The retention of personal data will take place in paper and / or electronic / IT format and for the time strictly necessary to fulfill the purposes referred to in point 1, in compliance with your privacy and current regulations. For marketing / promotion purposes we keep your data for a maximum period equal to that foreseen by the applicable legislation (respectively equal to 24 and 12 months).
Invoices, accounting documents and transaction data are stored for 11 years under the law (including tax obligations).
In the case of the exercise of the right to be forgotten through the request for explicit cancellation of personal data processed by the owner, we remind you that such data will be kept, in a protected form and with restricted access, only for purposes of ascertainment and repression of crimes. no more than 12 months from the date of the request and will subsequently be securely deleted or anonymised irreversibly.
6. HOW DO WE ENSURE THE PROTECTION OF YOUR DATA?
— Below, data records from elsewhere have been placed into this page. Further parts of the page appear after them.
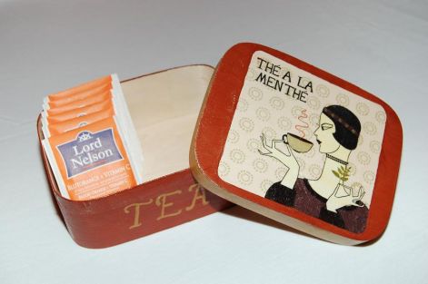 Ez a teafilter tartó Anyukám kolleganőjének a kérésére készült, aki egy Milfordos teás bobozt szeretett volna. A netről kerestem Milfordos teásdobozokat, amiről a képeket szalvétára kinyomtattam, és decoupage tecnikával pedig elkészítettem a teafilter tartót.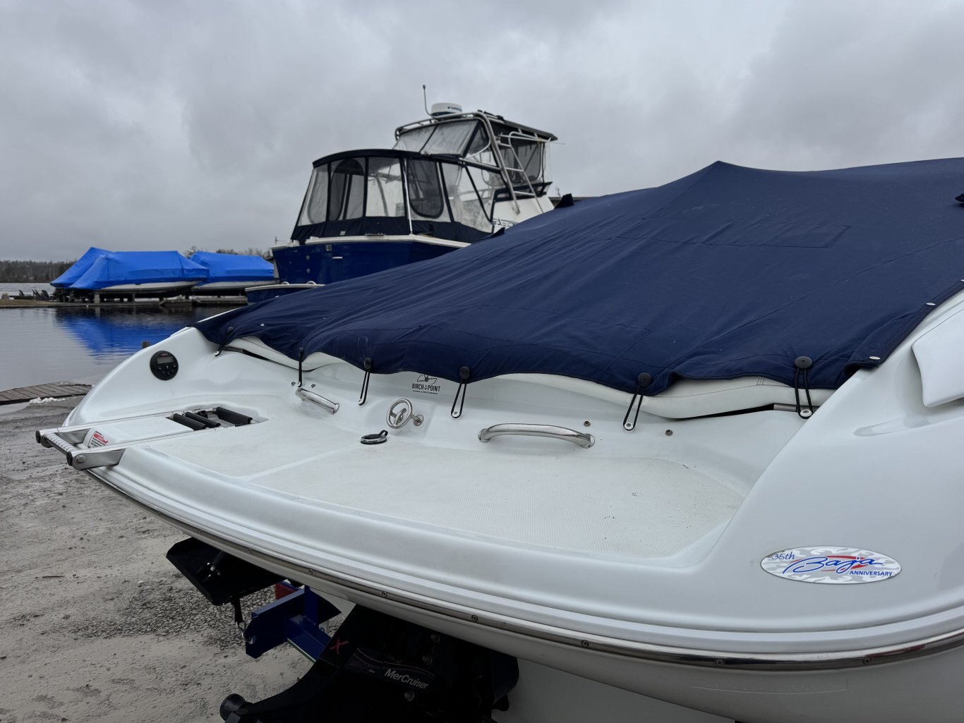 JUST IN!! 2006 Baja 275 BOSS, Powered by a Mercury 496 Mag HO and Bravo 1X Drive with ONLY 358hrs! This Boat Comes FULLY LOADED!! 30th Anniversary Graphics Package, Intergrated Swim Platform with Flip Down Re Boarding Ladder, Large Rear Sun Pad, Spacious Rear Bench Seat, Dual Captains Drop Out Bolster Seats, Walk Thru Windshield, Lenco Trim Tabs, Corsa Captains Call Silent Choice, Livorsi Gauges, Spacious Cuddy, Clarion Stereo and More! Comes With Cockpit Cover, Mooring Cover, Bimini Top and Matching Tandem Axle Trailer.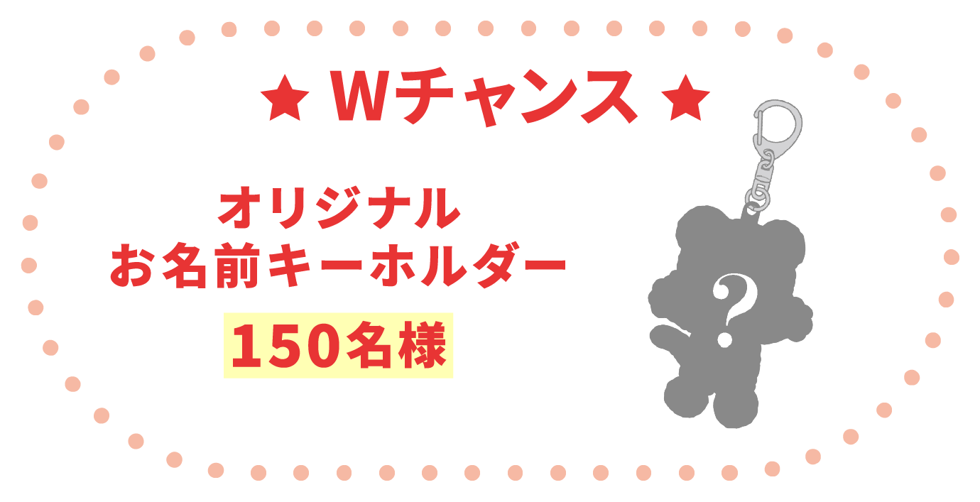 また、はずれた方の中からWチャンスとして抽選で150名様にオリジナルお名前キーホルダーが当たります。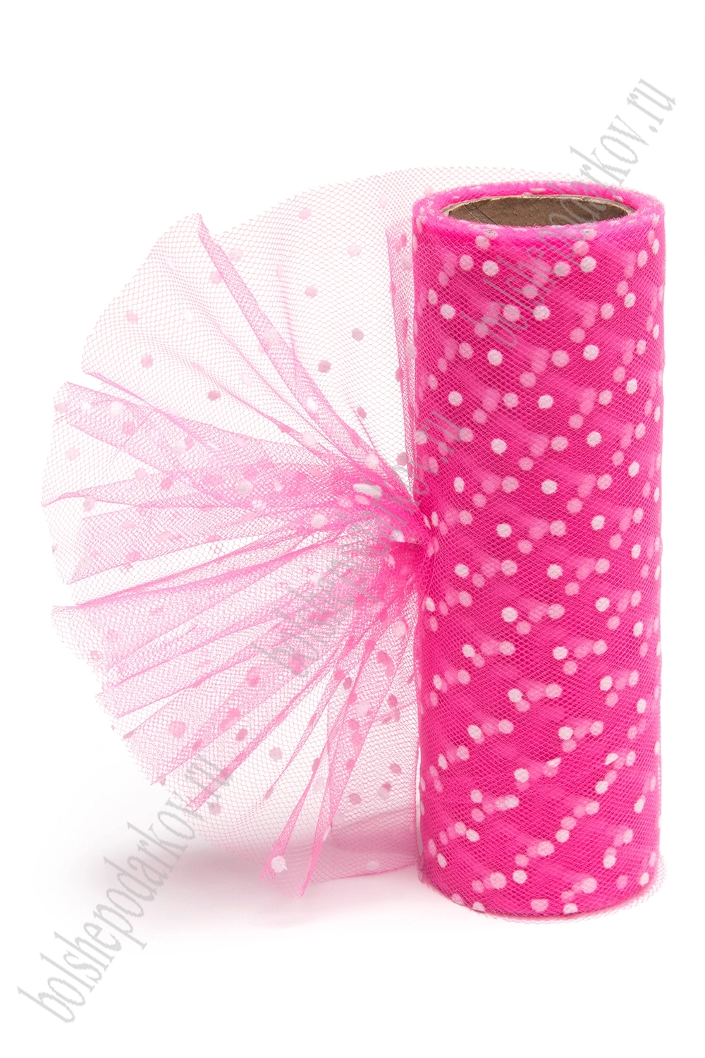 Фатин в горошек 15 см*10 ярд (SF-2941) ярко-розовый №35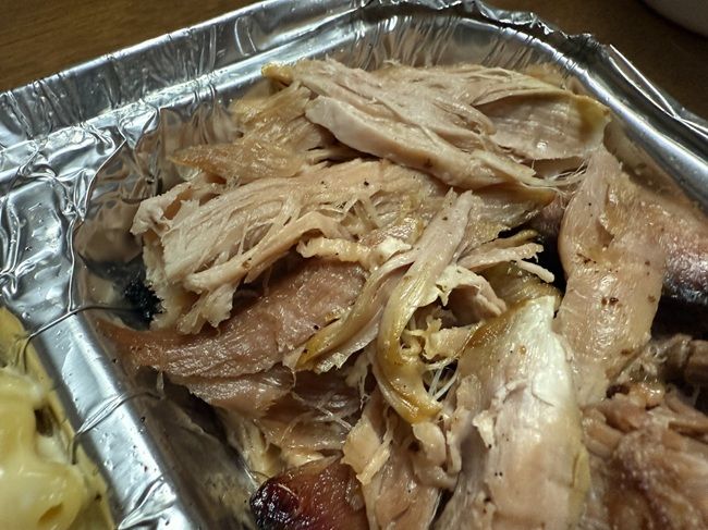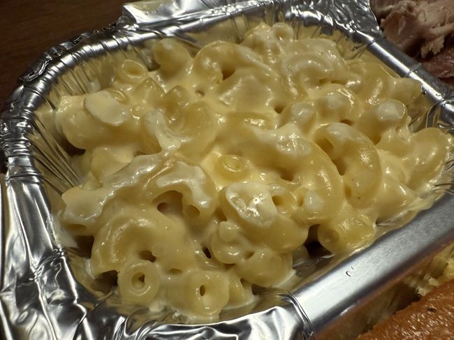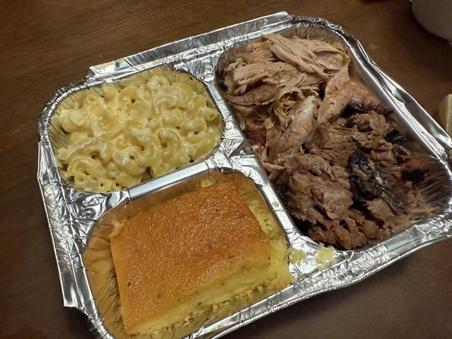 The Mini Meal Sampler was a really good deal at $15. It consists of Chopped Brisket, Pulled Pork, and two sides. I chose the Mac & Cheese and Cornbread.

The data are collected by the subjects indicated in point 3, according to the indications of the relevant legislation, with particular regard to the security measures provided by the GDPR (Article 32) for their processing by means of computerized, manual and automated tools and with strictly related logic to the purposes indicated in point 1 and in any case so as to guarantee the security and confidentiality of the data.
This information may be subject to change. If substantial changes are made to the use of data on the user by the Owner, the latter will notify the user by publishing them with the maximum evidence on their pages or through alternative or similar means.